回到RealCall的initExchange()方法中继续,接着调用开启ExchangeFinder的一系列调用链:find -> findHealthyConnection -> findConnection 。
fun find(client: OkHttpClient,chain: RealInterceptorChain): ExchangeCodec {
try {
val resultConnection = findHealthyConnection(
connectTimeout = chain.connectTimeoutMillis,
readTimeout = chain.readTimeoutMillis,
writeTimeout = chain.writeTimeoutMillis,
pingIntervalMillis = client.pingIntervalMillis,
connectionRetryEnabled = client.retryOnConnectionFailure,
doExtensiveHealthChecks = chain.request.method != "GET"
)
return resultConnection.newCodec(client, chain)
}...
}
从连接池中复用连接,如果没有就新建连接放入池中。这其中的逻辑比较复杂,不需要了解每个实现细节,非硬着头皮钻要花很多时间。
2.3、连接池的维护
最后还有一点,在连接池实现类RealConnectionPool中用Task任务在TaskRunner中执行完成连接池的维护。

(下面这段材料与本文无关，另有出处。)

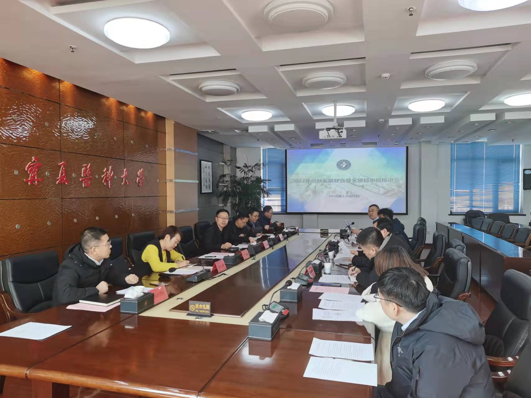 12月29日下午,学校在正德楼226会议室召开2022年度国家自然科学基金区域创新发展联合基金项目申报推进会,学校临床医学院、基础医学院、公共卫生与管理学院、总医院、附属自治区人民医院负责人参加会议。会议由科技处处长韩怀钦主持。

private val cleanupTask = object : Task("$okHttpName ConnectionPool") {
override fun runOnce() = cleanup(System.nanoTime())
}
还记得2.1节连接池初始化时传入的其中一个参数就是TaskRunner实例:
constructor(
maxIdleConnections: Int,
keepAliveDuration: Long,
timeUnit: TimeUnit) : this(RealConnectionPool(
taskRunner = TaskRunner.INSTANCE,
maxIdleConnections = maxIdleConnections,
keepAliveDuration = keepAliveDuration,
timeUnit = timeUnit))
TaskRunner的INSTANCE单例使用Kotlin伴生对象实现,这比Java方便多了。
companion object {
val INSTANCE = TaskRunner(RealBackend(threadFactory("$okHttpName TaskRunner", daemon = true)))
}
TaskRunner内部持有的Backend接口实现类RealBackend对象,内建了一个执行器和1.2节中说到的OkHttp默认线程池一样。
class RealBackend(threadFactory: ThreadFactory) : Backend {
private val executor = ThreadPoolExecutor(
0, // corePoolSize.
Int.MAX_VALUE, // maximumPoolSize.
60L, TimeUnit.SECONDS, // keepAliveTime.
SynchronousQueue(),
threadFactory
)
...
}
回到RealConnectionPool中,每当对连接池进行操作,比如添加新的连接放入连接池中,都会执行一遍Task:如果闲置连接超过了保持活动限制或闲置连接限制,则移除最长的连接。
fun put(connection: RealConnection) {
connection.assertThreadHoldsLock()
connections.add(connection)
cleanupQueue.schedule(cleanupTask)
}
具体执行TaskRunner执行Task的流程就不展开了,也比较有意思。因为这一个TaskRunner,不仅要执行维护连接池的Task、还负责Cache缓存任务的处理,总之在OkHttp中用的地方也不少。